We all experience ‘existential insecurity’ as a core part of the human condition. We can all be wounded (physically and psychologically), we are all dependent upon others for our survival, and we will all die.
But, Taylor notes, we are all also ‘ensnared in systems that are structured to trigger insecurity, propelling us to strive for an ideal that we will always fall short of’.
Indeed, our highly competitive society makes ‘those ineffable and invaluable things that all human beings need and seek – connection, camaraderie, meaning, purpose, contentment, safety, self-esteem, respect... artificially scarce, despite the fact they don’t actually have to be in short supply.’
Moreover, this ‘manufactured insecurity’ is a core feature, not a bug, of our economic system, reflecting ‘a cynical theory of human motivation, one that says people will work only under the threat of duress, not from an intrinsic desire to create, collaborate, and care for one another.’
Taylor illustrates this with examples ranging from the enclosure of common land in England (beginning in the 12th century) to today’s tech giants.
Witness landowner Thomas Rudge in 1807, recommending that the hedges planted to fence-off enclosed land should not bear fruit. ‘[T]he idle among the poor are already too prone to depredation,’ he claimed and would be ‘still less inclined to work, if every hedge furnished the means of support’.
Or Facebook founder Mark Zuckerberg in 2022, informing employees that he was ‘turning up the heat’ to weed out those he considered to be underperforming.
As Taylor notes, manufactured insecurity also affects everyone, rich and poor, albeit in different ways.
Thus the phenomenon of ‘fractal inequality’ in which those in the top 10 percent of wealth envy the top 1 percent, the 1 percent envy the 0.1 percent, and so on.
Taylor illustrates this with the story of a woman who, following a substantial inheritance, had joined a network of wealthy people wanting to donate to social causes: ‘The main effect of coming to know other wealthy people, she told me, was that she felt poor and insecure by comparison.’
(Long ago, Adam Smith noted that: ‘Power and riches appear then to be, what they are, enormous and operose [laborious] machines contrived to produce a few trifling conveniences to the body, consisting of springs the most nice and delicate, which must be kept in order with the most anxious attention, and which in spite of all our care are ready every moment to burst into pieces, and to crush in their ruins their unfortunate possessor.’)
Many of the actions taken in the name of addressing our insecurities – privatisation of health care, mass incarceration, SUVs, the ‘war on terror’, nuclear weapons, and so on… – actually make us less secure.
But, Taylor argues, if we rethink the idea – crucially, distinguishing between existential insecurity and the manufactured variety – security ‘could cease to be a conservative concept aimed at fortifying one’s self and possessions against a hostile state and instead become a progressive principle, one that can help us make society more equitable and just.’

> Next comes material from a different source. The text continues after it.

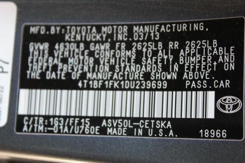 VIN (Vehicle Identification Number): 4T1BF1FK1DU239699

Indeed, ‘[t]he simple recognition of our mutual vulnerability – of the fact that we all need and deserve care throughout our lives – has potentially revolutionary implications.’
One of the many upsides of this approach is that it should also serve to undermine the current lurch towards far-right extremism in many parts of the world: ‘History shows that increased material security helps people be more open-minded, tolerant and curious, whereas rising insecurity does the reverse, causing dogmatism, rigidity, and bigotry to spike.’

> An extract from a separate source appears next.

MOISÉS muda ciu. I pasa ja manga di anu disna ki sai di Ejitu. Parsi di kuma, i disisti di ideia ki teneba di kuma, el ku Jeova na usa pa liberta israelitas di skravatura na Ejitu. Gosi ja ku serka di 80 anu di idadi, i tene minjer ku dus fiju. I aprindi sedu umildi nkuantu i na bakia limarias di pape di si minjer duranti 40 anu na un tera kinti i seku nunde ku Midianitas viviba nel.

As in her previous books (see PN 2644 – 2645 and 2657), Taylor draws on a huge variety of sources to make her arguments, ranging from classical myth and the 13th-century Charter of the Forest, to Franz Kafka’s office writings (for the Workers’ Accident Insurance Institute of the Kingdom of Bohemia) and the path-breaking scholarship of Virginia DeJohn Anderson (on the crucial role played by livestock in the colonisation of north America), Martha Jackman (on Canadian constitutional law) and Ronald Inglehart (on the origins of the 1960s social movements).
These being the Massey lectures (a Canadian institution) and Taylor herself having been born in Canada, there is also a welcome focus on Canadian examples, with a significant thread focusing on indigenous struggles.
Personal stories, etymological asides, inspiring examples, and some shocking factoids leaven the mix of this exceptionally rich work.
It’s a shame that there’s no index but, on the plus side, you can listen to the original lectures for free online:
www.tinyurl.com/ageofinsecurity
This is a must-read work for our ‘strange and scrambled political moment, at once prosperous and precarious, encouragingly open-minded and dangerously reactive’.
For, as US president Franklin Delano Roosevelt noted long ago: ‘There can be no security for the individual in the midst of general insecurity’.